Однажды Моррис Шапиро пригласил меня на ужин к себе домой. Я был очень удивлен. У меня не было ни малейшей охоты проводить вечер в его обществе. Но отказаться я тоже не мог. Я был уверен, что застану у него компанию наборщиков, полиграфистов, переплетчиков и толстых женщин. Нужно было запастись терпением. В тот вечер я особенно тщательно побрился, надел парадный костюм и купил цветы. Затем я взял дрожки до его дома. Конечно, это было тяжелое испытание, но я надеялся извлечь какую-нибудь пользу для своего журнала, хотя прекрасно понимал, что бесплатно он все равно ничего печатать не станет. Я поднялся по мраморной лестнице и нажал кнопку звонка, расположенную справа от резной двери с сиявшей на ней медной табличкой, на которой было выбито имя хозяина. Вскоре раздались шаги. Я ожидал услышать гудение гостей и увидеть на вешалке в прихожей множество пальто и шляп. Между тем в квартире было тихо.
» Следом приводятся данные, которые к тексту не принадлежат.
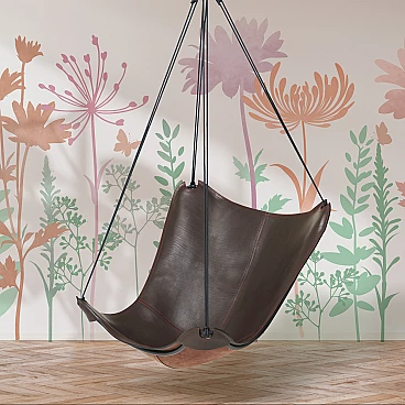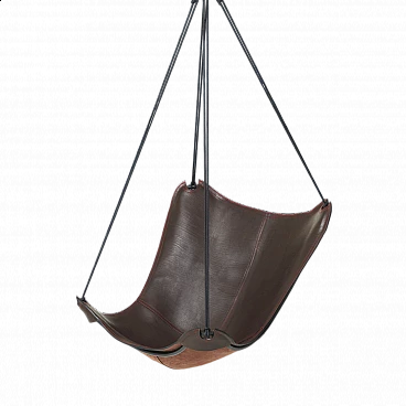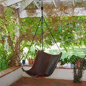 Leather Butterfly hanging armchair. This model is a classic that has stood the test of time for more than 80 years; its history is one of transformation, adaptability and evolution, making it an icon in the world of furniture design. Originally designed in the 1930s, the Butterfly Chair was a static floor model beloved for its unique shape and comfort. Now it has spread its wings and taken flight as a rocker, embodying the freedom it has always represented; it is free to hover and sway, becoming a playful and dynamic element to add to any space.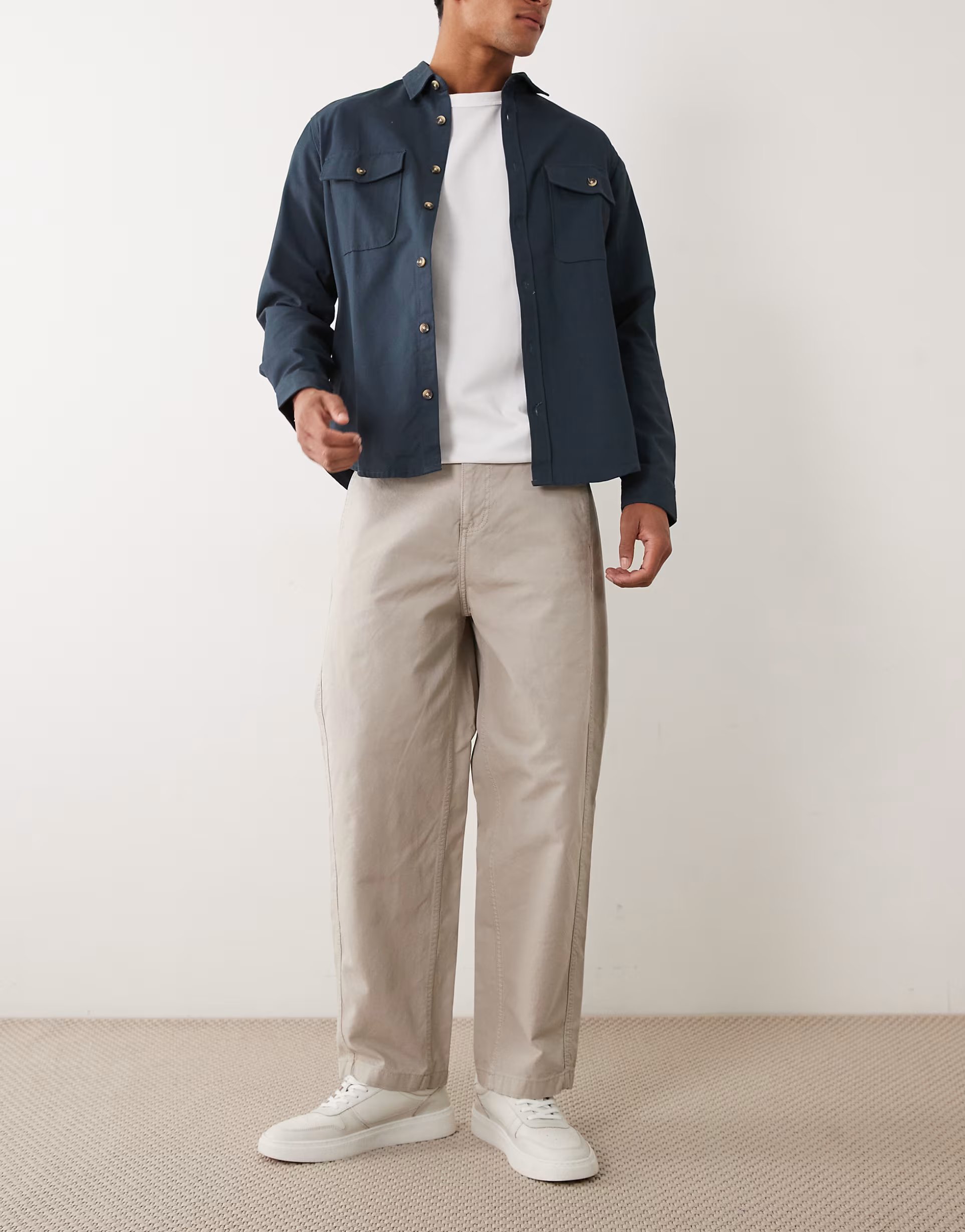 The Jack & Jones barrel chino trouser in light grey offers a straight fit and a standard waistband for a comfortable and versatile option.

Дверь открыла женщина средних лет, маленькая и стройная, как девочка. Ее каштановые с проседью волосы были собраны в узел, а не подстрижены по тогдашней моде. Платье тоже было несколько длиннее, чем принято. Темные глаза излучали материнскую доброту. У нее были узкие губы, тонкий нос и свежий молодой подбородок. Она тепло улыбнулась.
— Господин Грейдингер, давайте ваше пальто. Муж немного запаздывает. Он просил передать вам свои извинения. Что-то случилось со станком.
— Ничего, ничего.
— Пожалуйста, проходите.
Она провела меня в гостиную, типичную гостиную людей среднего достатка: оттоманка, стулья в чехлах с бахромой, фортепиано, потертый восточный ковер, литографии на стенах. В доме пахло нафталином и былой роскошью. На низком столике стояла бутылка ликера и стеклянная вазочка с печеньем. Женщина налила ликер мне, потом себе и объявила:
— Я должна вам сказать, что мой муж — большой ваш поклонник. Он о вас часто говорит и очень хвалит. Я раньше редко читала на идише, в основном по-польски и по-русски. Но как-то он принес мне ваш журнал, и теперь я ваша постоянная читательница.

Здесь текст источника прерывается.